Re: [R] Overlaying graphs

2003-09-05 Thread Paul Meagher
From: Damon Wischik [EMAIL PROTECTED]

 Paul Meagher wrote:
  2. Does R have a suite of best-fit tools for finding the best
  fitting-probability distribution for any observed probability
distribution?

 I think that the best-fitting probability distribution for an observed
 probability distribution is the empirical distribution of your
 observations.

 (Perhaps you have some other criteria than just goodness of fit?)

You can certainly use the empirical distribution of observations to
construct your probability distribution and you are correct that, in some
sense, this would be the best fitting probability distribution.

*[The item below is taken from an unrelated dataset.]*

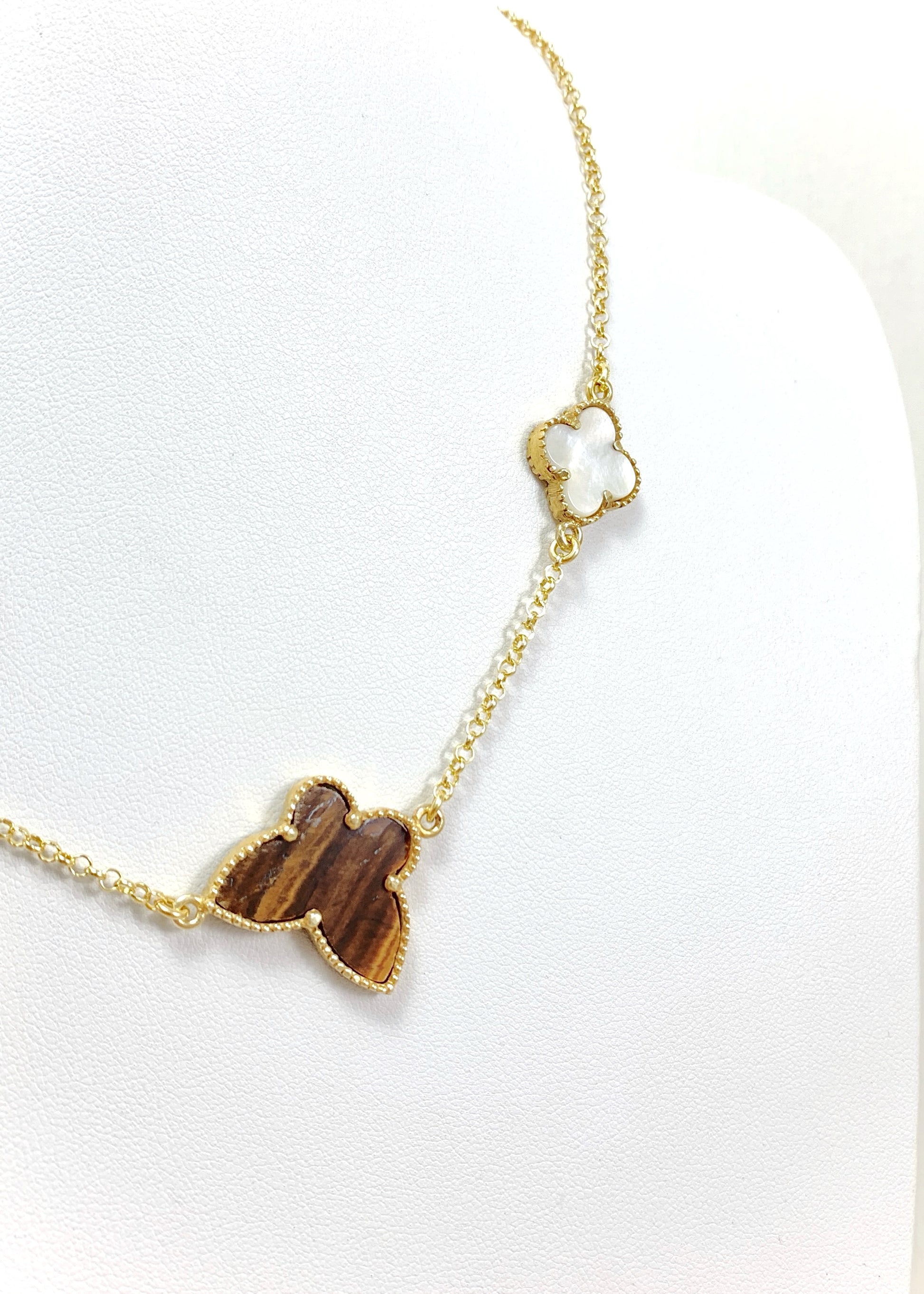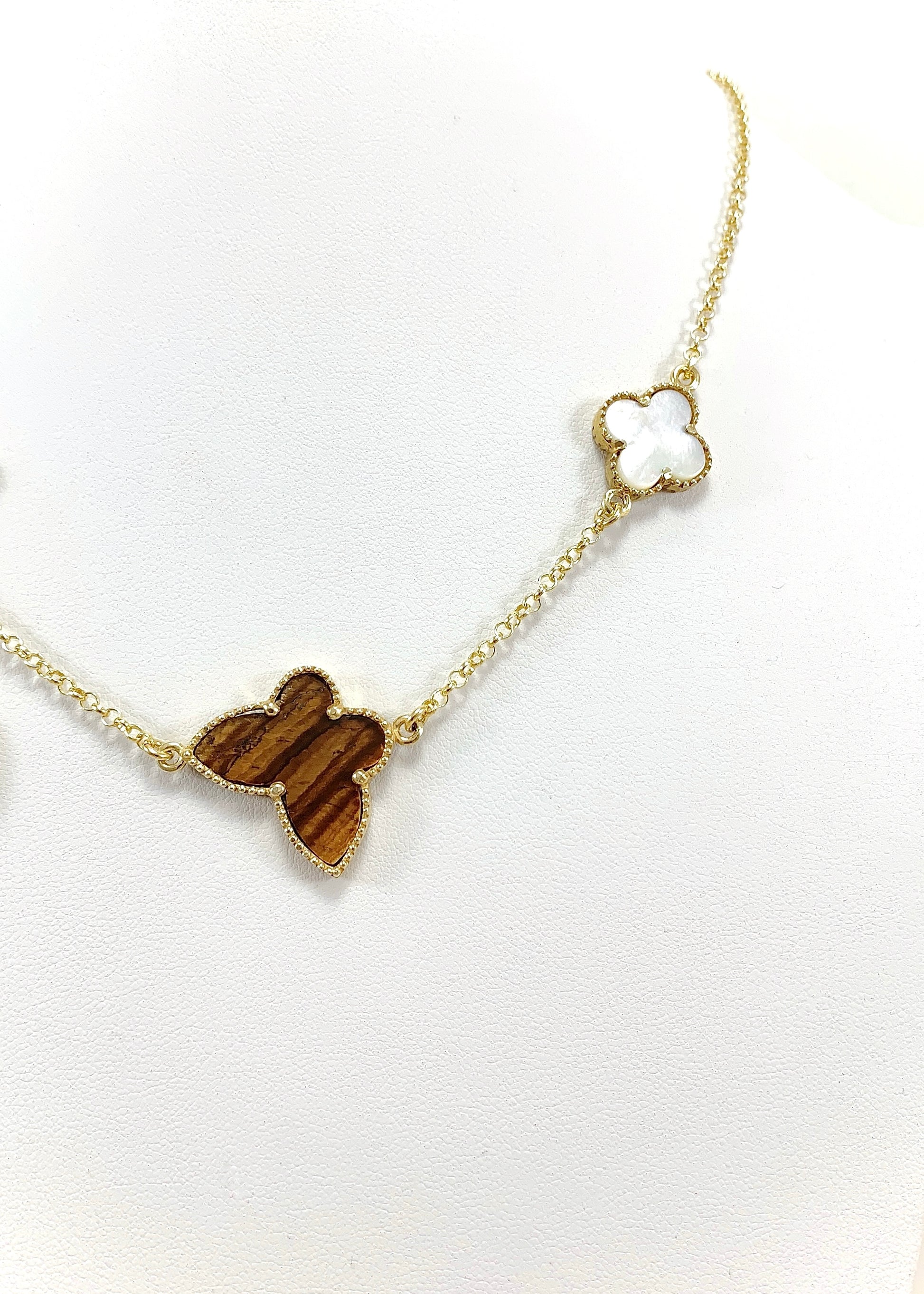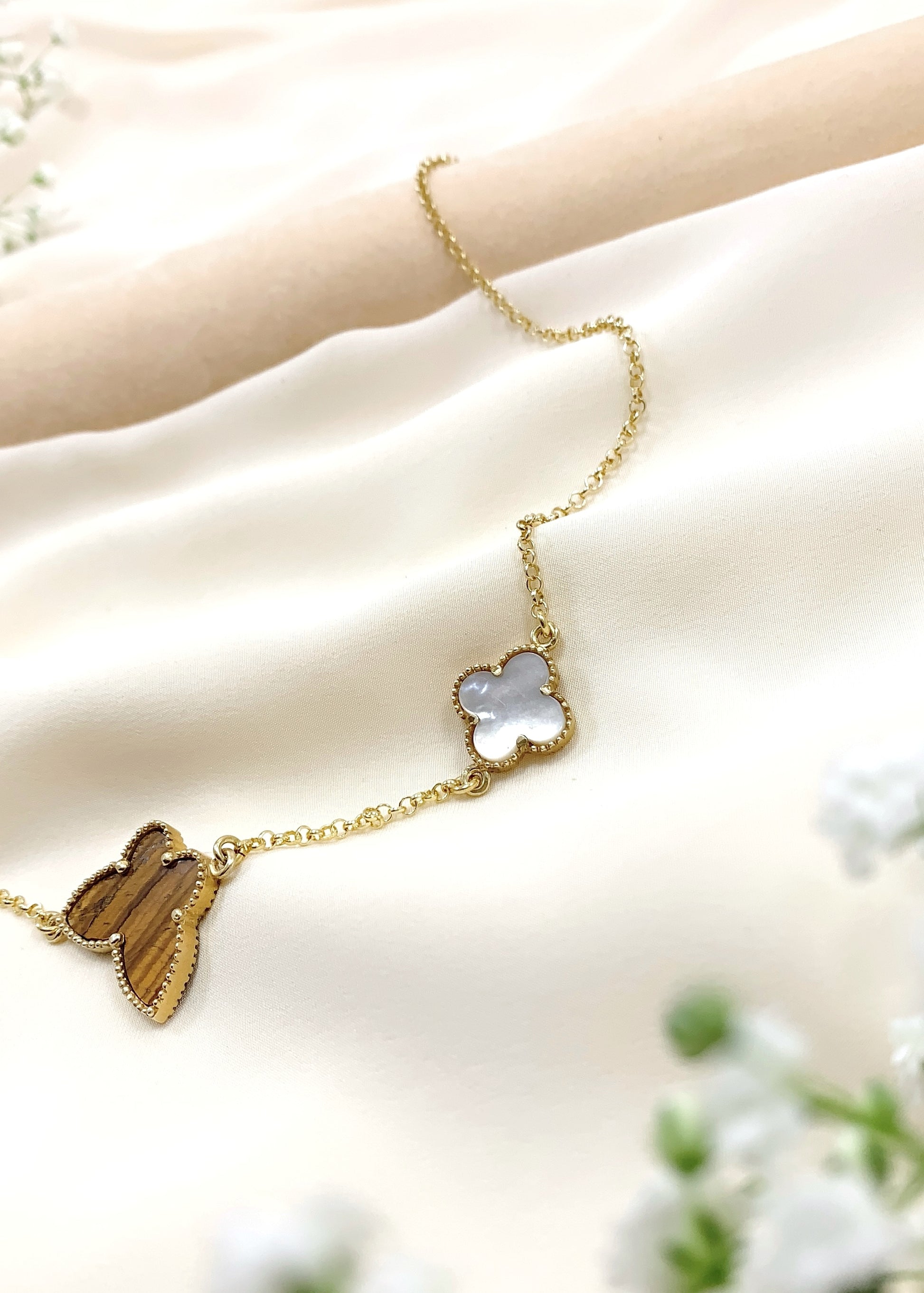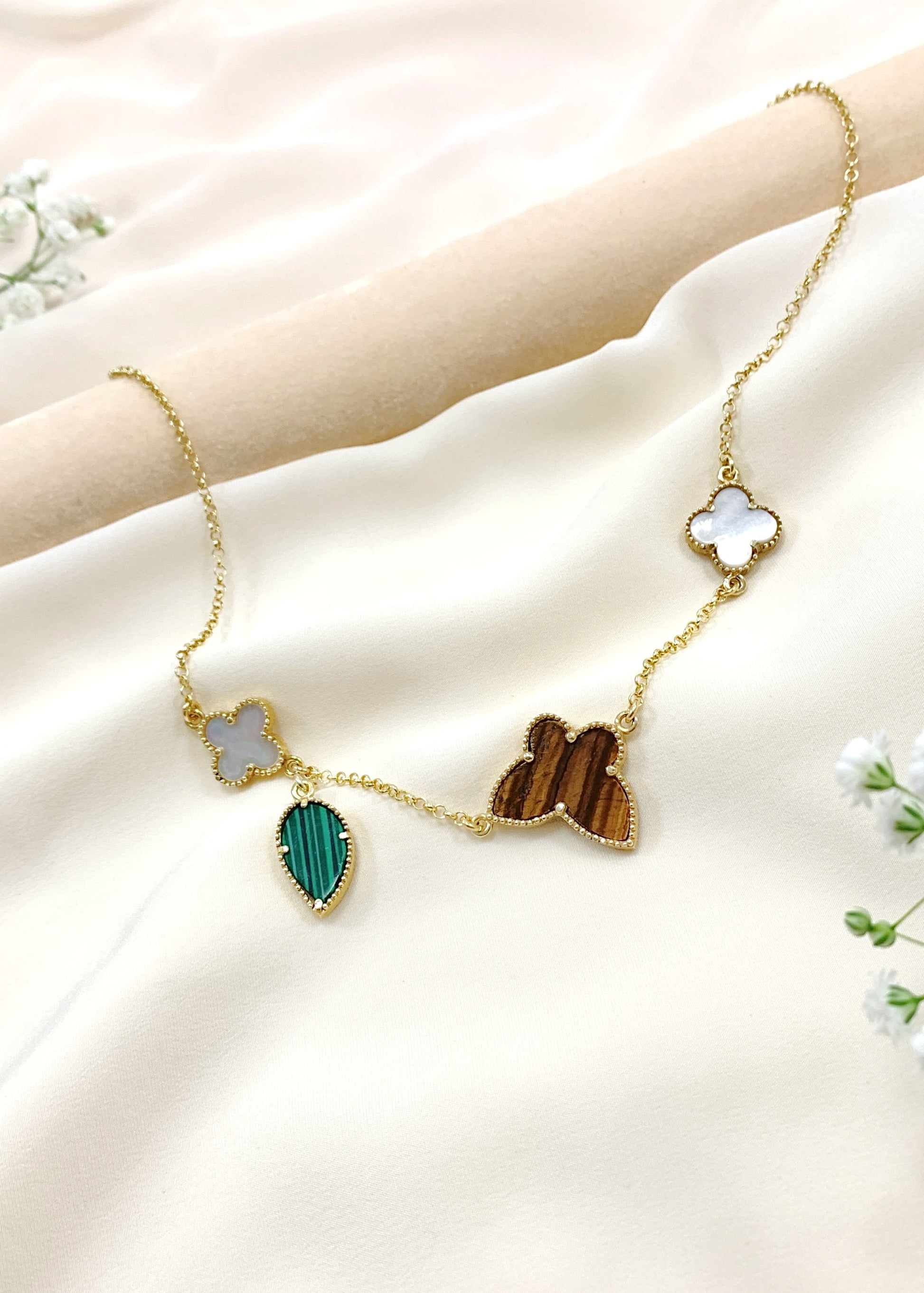 Το Verona φέρνει κοντά τρεις φυσικούς λίθους, τοποθετημένους σε μια αλυσίδα από επιχρυσωμένο ασήμι 925, μήκους 44 εκ. Στο κέντρο, το Μάτι Τίγρης αποκαλύπτει τις χαρακτηριστικές χρυσοκαφέ αντανακλάσεις του, ζωντανές σε κάθε κίνηση. Δεξιά και αριστερά, δύο τετράφυλλα από φίλντισι προσφέρουν απαλούς, κρεμ τόνους με φωτεινό ιριδισμό. Στο τελείωμα, ο μαλαχίτης, με τις πράσινες ζώνες του, υπογράφει τη σύνθεση με βάθος και χαρακτήρα.

Lately I have been asking myself why we bother in the first place to use
theoretical probability distributions to model our empirically
distributions.  Why not construct the probability distribution directly from
the data itself?  I think that in some cases, this is the correct route to
go.  Computers allow us to make inferences about the probability of certain
outcomes using these irregularly shaped distributions.  These inferences may
be more accurate than using any of the available theoretical probability
distributions.

The main reasons I can come up with for not using the empirical distribution
itself as your probability distribution are:

1. Over-fitting which limits your ability to generalize to new situations.
This, I think, is most important reason for engaging in the exercise of
fitting your data to a theoretical distribution.

2. It is easier to derive inferences about your random variable.  This is
the second most important reason.

3. Anyone who plays with numbers constitutionally tends towards platonism.

Regards,
Paul

 Damon.



__
[EMAIL PROTECTED] mailing list
https://www.stat.math.ethz.ch/mailman/listinfo/r-help


Re: [R] Overlaying graphs

2003-09-04 Thread Paul Meagher

- Original Message - 
From: Richard A. O'Keefe [EMAIL PROTECTED]
To: [EMAIL PROTECTED]
Sent: Thursday, September 04, 2003 2:56 AM
Subject: Re: [R] Overlaying graphs


 I do not know how to overlay the curve graphic on top of hist graphic.

 Do you know about the add=TRUE option for plot()?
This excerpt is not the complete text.